Put your rates where your mouth is

April 9 (Bloomberg) — European Central Bank council member Ewald Nowotny said cutting the benchmark rate below 1 percent is still open for debate and it would be “sensible” for the bank to buy corporate debt.

“It’s my personal opinion that the benchmark rate should not go below 1 percent, but this is a point that’s open for discussion,” Nowotny, who heads Austria’s central bank, said in a telephone interview from Vienna late yesterday. The purchase of commercial paper and corporate bonds is “a sensible and efficient measure,” Nowotny said, adding it may not be introduced immediately because it would take time to prepare.

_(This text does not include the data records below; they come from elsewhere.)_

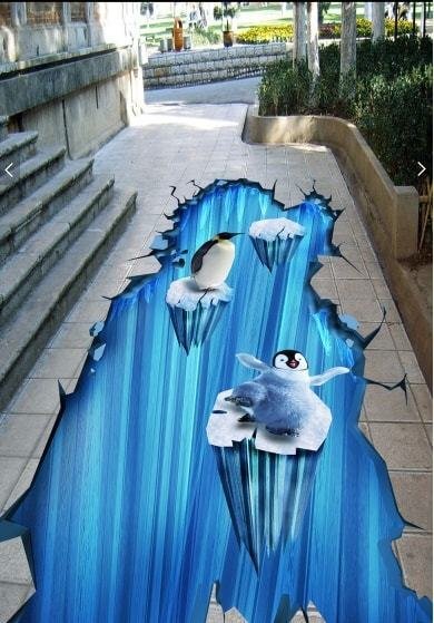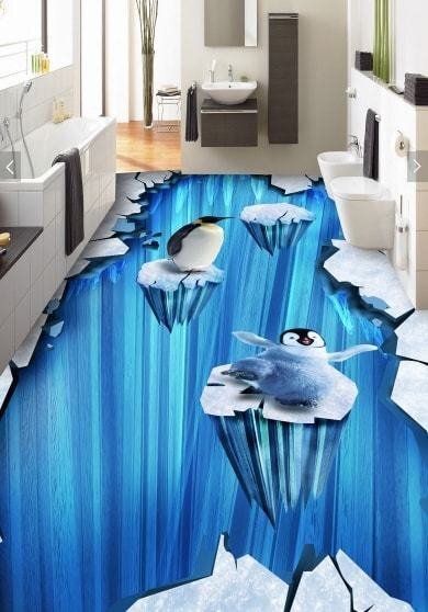 C414 巨大 3D フロアマット 1.2m*2m* 危険! 落とし穴 トリックアート 氷河 ペンギン 防音 断熱 滑り止めシート 床 壁 天井 はがせるシール
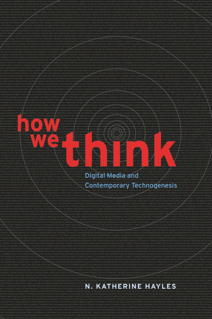 “How do we think?” N. Katherine Hayles poses this question at the beginning of this bracing exploration of the idea that we think through, with, and alongside media. As the age of print passes and new technologies appear every day, this proposition has become far more complicated, particularly for the traditionally print-based disciplines in the humanities and qualitative social sciences. With a rift growing between digital scholarship and its print-based counterpart, Hayles argues for contemporary technogenesis—the belief that humans and technics are coevolving—and advocates for what she calls comparative media studies, a new approach to locating digital work within print traditions and vice versa.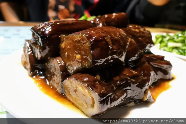 茄子size似乎也是挑選過寬度差不多,切成剛好一口大小再疊起來,猜測茄子是水煮後再與醬料拌炒(煮)?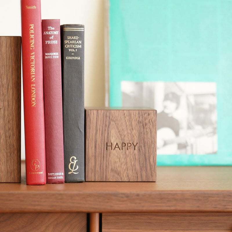 小ぶりサイズの木製ブックスタンド。表面には、メッセージが英語でレーザー加工してあります。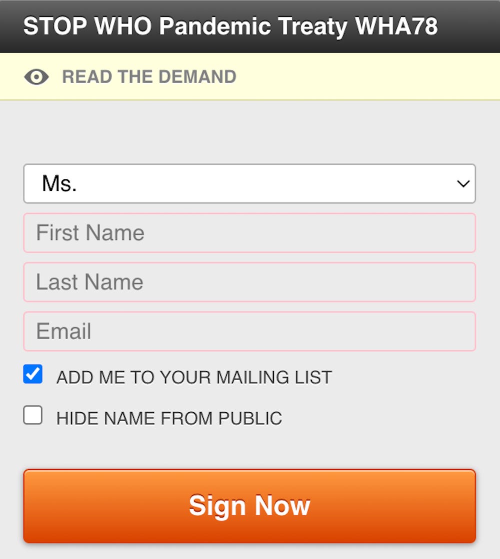If you oppose the "Pandemic Agreement," then RIGHT NOW would be a great time to take action. Don't YOU dare just sit on your butt - TAKE ACTION NOW!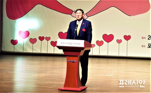 장경식 경북도의회 의장은 16일 포항시청 대잠홀에서 열린 '2019 포항시자원봉사자대회'에 참석해 1년 동안 소리 없는 봉사를 몸소 실천한 포항시 자원봉사자들을 격려하고 감사의 뜻을 전했다.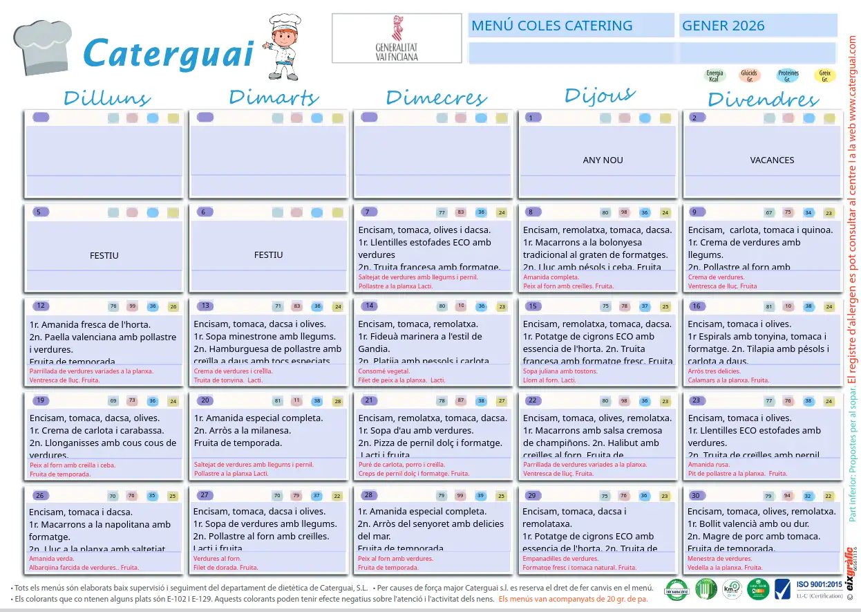 Ací trobareu els menús escolars de cada mes, per a consultar la resta de menús, visiteu la web de Caterguai https://www.caterguai.com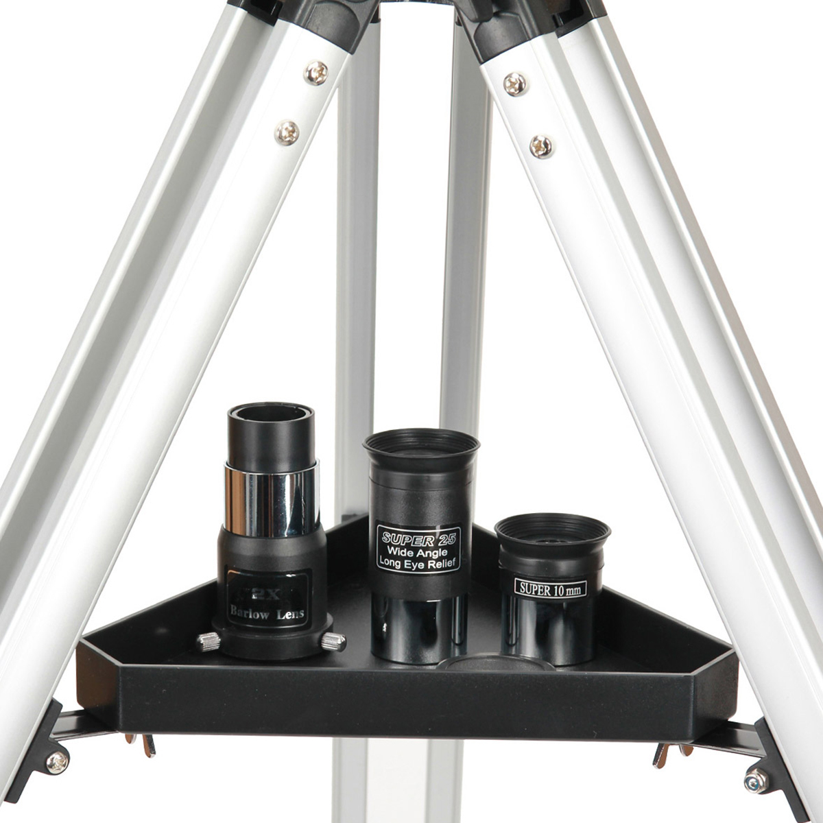 Телескоп Sky-Watcher BK 709EQ1 має діаметр об'єктива 70 мм, фокусну відстань 900 мм і світлосилу 12.9. Цього буде цілком достатньо для проведення планетарних спостережень на початковому рівні. Використовуючи комплектні окуляри на 10 і 25 мм, користувачеві будуть доступні збільшення 36х і 90х. У комплект також входить лінза Барлоу 2х, яка подвоїть ці цифри. Поверхня Місяця відкриється сотнями цікавих деталей: гірськими ландшафтами, кратерами, морями. Також ви зможете побачити атмосферні шари Юпітера і його супутники, кільця Сатурна, фази Меркурія і Венери. Далекі Нептун і Уран будуть нагадувати великі кольорові зірки. Для огляду також доступні кулясті зоряні скупчення, найяскравіші галактики і дифузні туманності. Рейковий фокусер оптичної труби має посадковий діаметр 1.25" з різьбою (М45 х 0.75) на хвостовику. Цифрову камеру можна підключити до телескопа за допомогою відповідного адаптера для камери.

The comments suggest the ECB council is split over the best way forward amid signs the euro-region economy is slipping deeper into recession. While Germany’s Axel Weber has signaled he’s opposed to buying corporate debt and doesn’t want to take the benchmark rate below 1 percent, Greece’s George Provopoulos this week indicated both remain options.

The euro dropped more than half a cent to $1.3268 after Nowonty’s comments were published. The ECB’s key rate is currently at 1.25 percent.

“All the Governing Council so far appears to have agreed upon is that there could be a 25 basis point cut in May,” said Julian Callow, chief European economist at Barclays Capital in London. “They have clearly not yet determined whether that would then mark the low for the refinancing rate or not.”

New Measures

The ECB this month cut the rate by a quarter point, less than economists forecast, and delayed a decision on new tools until May. The Federal Reserve, Bank of Japan and Bank of England are already pumping money into their economies by buying government and corporate debt.

“If you’re aiming at intensifying credit supply, measures which focus directly on credit supply are of interest,” Nowotny said. “For example the purchase of commercial paper, corporate bonds and similar things.”

Still, he said this would “take longer to prepare” than offering banks longer-term loans to ease credit tensions. The ECB currently lends banks as much as they want at the prevailing benchmark rate for up to six months.

Lengthening maturities is “the best option” as far as speed of implementation is concerned, Nowonty said. “That means going beyond the current six months to an extension of, for example, 12 months. That’s something that can be implemented immediately and takes effect promptly.”

‘Need for Speed’

The comments are “helpfully transparent on the evolution of unconventional policy measures,” said Ken Wattret, an economist at BNP Paribas in London. “In short, if there’s a need for speed, then repo maturity extensions are the best option.”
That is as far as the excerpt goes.